In fact, there are several scenes where failing doesn't necessarily have a bad outcome which makes them more like snap decisions rather than mechanical challenges. 

The primary issue with The Quarry is that it's less of a game and more of a lightly interactive movie for most of its running time. 

Now you can go for surprisingly long stretches without having to make a meaningful choice or take direct control of a character. 

All you're asked to do is watch. In general one of the best parts of Until Dawn as well as the games in Supermassive's Dark Pictures Anthology was that it was at least as much of a mystery as it was a horror movie. 

During the adventure game style exploration scenes, you had the chance to try and find crucial details about what was happening by discovering clues reading files, solving puzzles and occasionally, falling into what was, with the benefit of hindsight, a really obvious trap. 

Now there isn't anywhere near as much of that in The Quarry. You do have the chance to unravel some of the weird history behind the cap and the area around it but it feels like a disappointing afterthought. 

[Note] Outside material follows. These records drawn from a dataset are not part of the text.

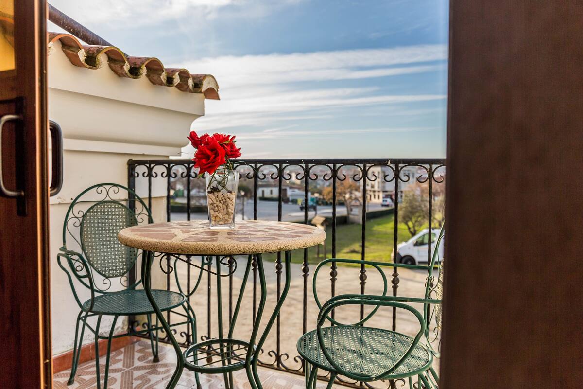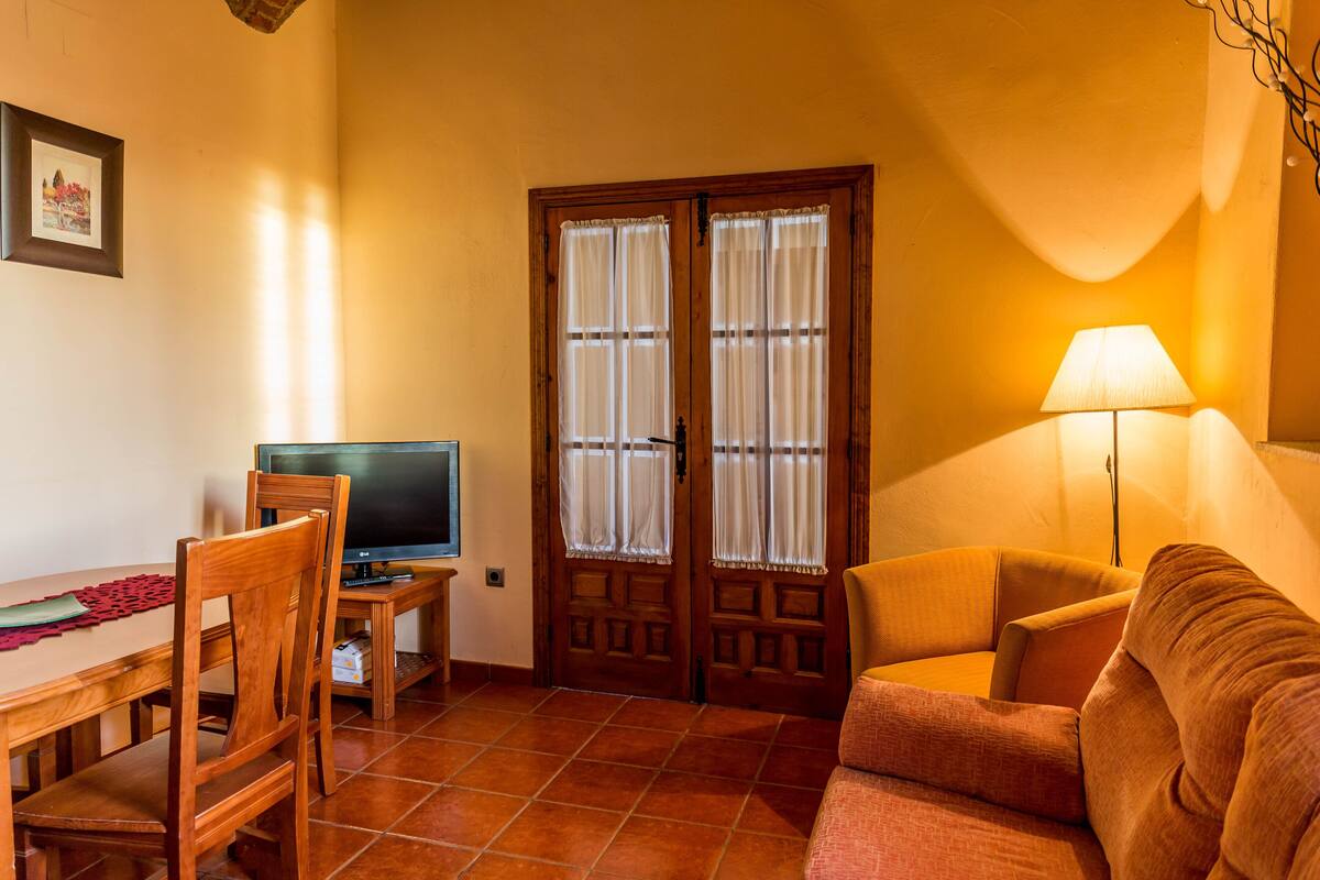 La cocina está dotada de todos los artículos imprescindibles para que puedas elaborar unos exquisitos platos durante la estancia. Durante los días que dure la estancia, vas a poder disfrutar de un desayuno continental, para que empieces con todas las mañanas con la mejor de las energías. Para el descanso durante el día, constáis con una amplia sala de estar, compuesta por un cómodo conjunto de sofás y una televisión. Los baños de la casa, disponen de todo lujo de detalles para que te sientas como en tu propia casa. Para aprovecha al máximo los rayos de sol, puedes relajarte en nuestro solárium en el momento que desees. Del coche no te vas a tener que preocupar, ya que la zona cuenta con aparcamiento. En nuestra, casa tu mascota es otro invitado más. No lo dejas atrás y disfruta de esta experiencia con tu mejor amigo. Cuidamos cada detalle de la vivienda para tu bienestar. Ven a pasar unos agradables a esta bonita zona de Extremadura.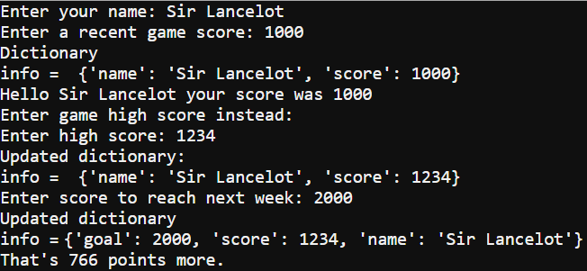 - Verify that the updated dictionary that gets displayed is info = {‘goal’: 2000, ‘score’: 1234, ‘name’: ‘Sir Lancelot’}.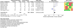 A total of 6 studies were included, and the heterogeneity (I2=74%) was analyzed using fixed effect model. The improvement of the CAT score in the glucocorticoid combined with antibiotic treatment group was better than that in the control group, and the difference was statistically significant (OR =1.53; 95% CI: 1.13–2.07; P=0.006) (Figure 9).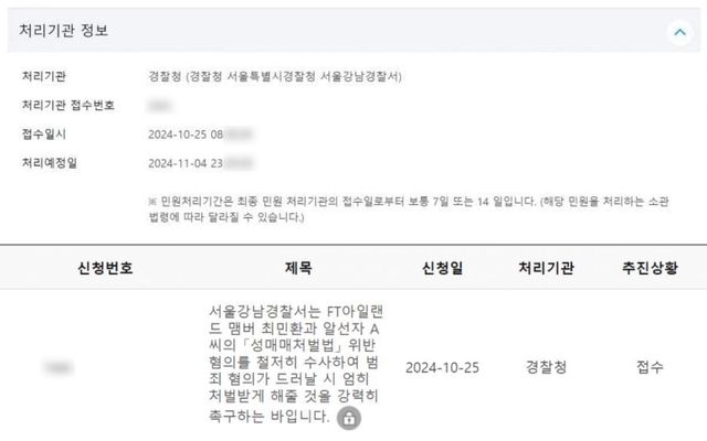A 씨가 공개한 사진에는 국민신문고를 통해 서울강남경찰서에 접수한 민원이 담겨 있다. A 씨는 최민환과 알선자 B 씨를 함께 고발했으며, 법 조항을 인용해 성매매 알선이 성립한다고 주장했다.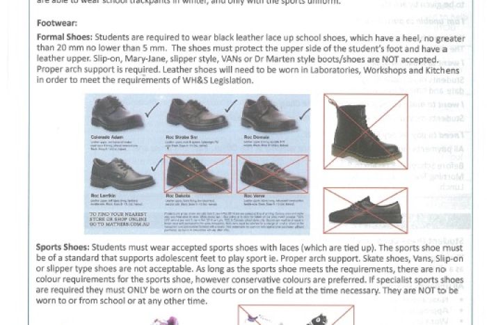 據悉,學校規定,學生必須穿黑色系帶皮鞋,鞋跟必須在5毫米到20毫米之間,并發布了圖片說明鞋子的標準和零售商。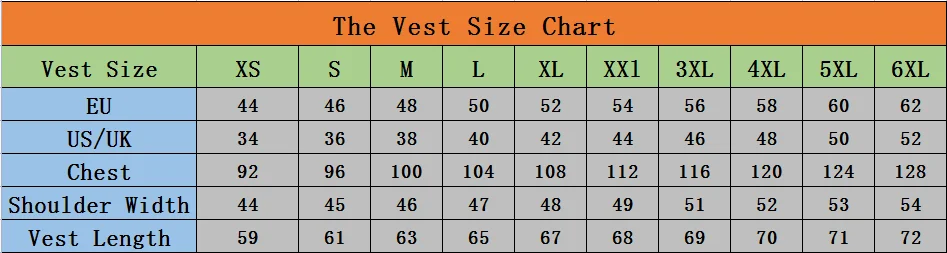 1.The standard size chart only means finished vest size, not body measurements.
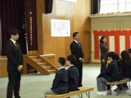 閉式の言葉のあと、担任の先生を先頭に新入生の退場です。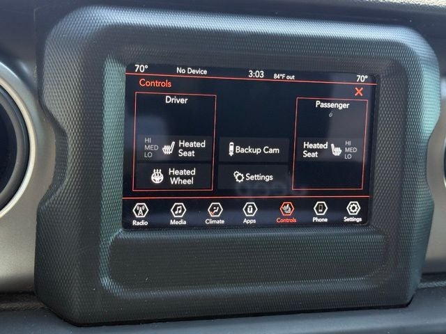 4-Wheel Drive Swing Gate Decal, 7.0 Touchscreen Display, 97 MPH Vehicle Max Speed Calibration, Air Conditioning, Air Conditioning w/Auto Temperature Control, Air Filtering, Anti-Spin Differential Rear Axle, Apple CarPlay, Automatic Headlamps, Black Grille, Black Trail Rated Badge, Cluster 7.0 TFT Color Display, Cold Weather Group, Convenience Group, Deep Tint Sunscreen Windows, Front 1-Touch Down Power Windows, Front LED Fog Lamps, Google Android Auto, GPS Antenna Input, Heated Front Seats, Heated Steering Wheel, Integrated Center Stack Radio, Leather Wrapped Steering Wheel, LED Headlamp & Fog Lamp Group, LED Premium Reflector Headlamps, Matte Black Jeep Badge, Mold In Color Bumper w/Gloss Black, MOPAR All-Weather Floor Mats, Power Heated Mirrors, Quick Order Package 22W Willys, Radio: Uconnect 4 w/7 Display, Remote Keyless Entry, Security Alarm, SiriusXM Satellite Radio, Speed Sensitive Power Locks, Sun Visors w/Illuminated Vanity Mirrors, Technology Group, Universal Garage Door Opener, USB Host Flip, Wheels: 17 x 7.5 Moab Black Aluminum, Willys, Willys Hood Decal, Wrangler Decal.

Another issue is that you can't skip past cutscenes or dialogue that you've already seen on repeat playthroughs and Until Dawn, that was a mild headache. 

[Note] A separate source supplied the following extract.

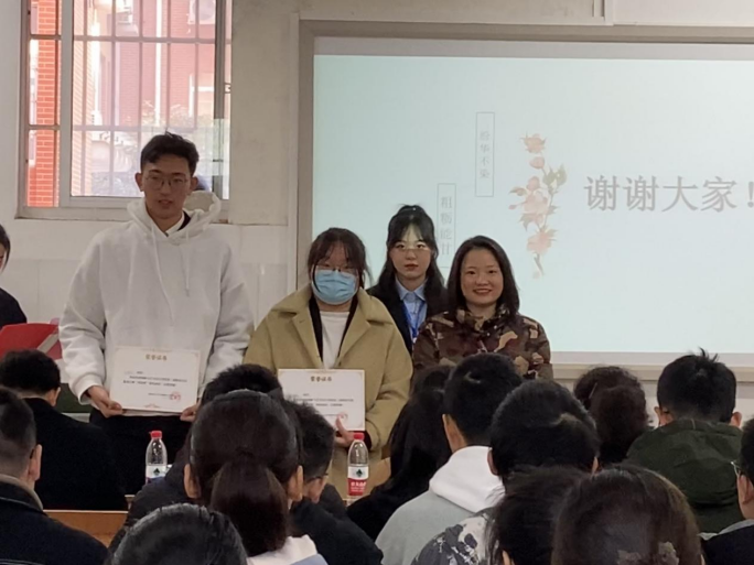 邓益成副书记为二等奖获奖者易董柏慧、扶珍妮、徐璐铖同学颁奖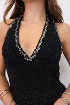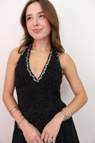 black tweed dress, crystal trim dress, holiday party dress, New Year’s Eve dress

In The Quarry which is longer considerably less interactive, it's frustrating. There's a lot of fun and going back through it and deliberately making different decisions or even failing on purpose just to see what happens. 

There are plenty of surprises to find and it's a testament to how absorbing this setting and story can actually be, that you may go back for a second or third playthrough to find them. 

However, doing so would be a more entertaining process with a few important quality of life features that are missing. A better scene selector would be nice as well as a run button, a fast forward option or better labeled points of no return. 

As it is, any attempt to replay The Quarry involves actual hours of dead time, where all you can do is sit and watch it play itself out again. 

The Quarry is deliberately meant to have a lighter tone than Supermassive's other horror games in a way that its director compared to the scream movies which is made even clearer by the casting of David Arquette as Hackett's Quarry's weird head counselor. 

Now it's very self-aware right from the start with a cast of characters who have all seen at least one horror movie before and are acting accordingly. 

At the same time, The Quarry storyline feels like Supermassive's learned a lot from its past projects and is putting that experience to work here. 

It feels more confident with a more solid coherent plot structure. There are still plenty of twists but they're carefully calculated and a few can take you by surprise. Now the cast of motion captured actors are a particular highlight. 

A couple of them do still get relatively little to do and I'd hope to see more from Lance Henriksen's creepy backwoods hunter but most of the characters are genuinely likable and you're given plenty of time to get to know them. 

Ariel Winter, Siobhan Williams and Justice Smith as Abigail, Laura and Ryan respectively are all particular standouts and Brenda Song as Kaitlyn somehow manages to end up as the biggest badass in the cast. 

The characters in The Quarry don't actually act as if they're in a horror movie however, it goes further than that. 

Many of them are operating on a level of ironic detachment that occasionally verges on self-parity especially if you're on a run where the body count is still fairly low. 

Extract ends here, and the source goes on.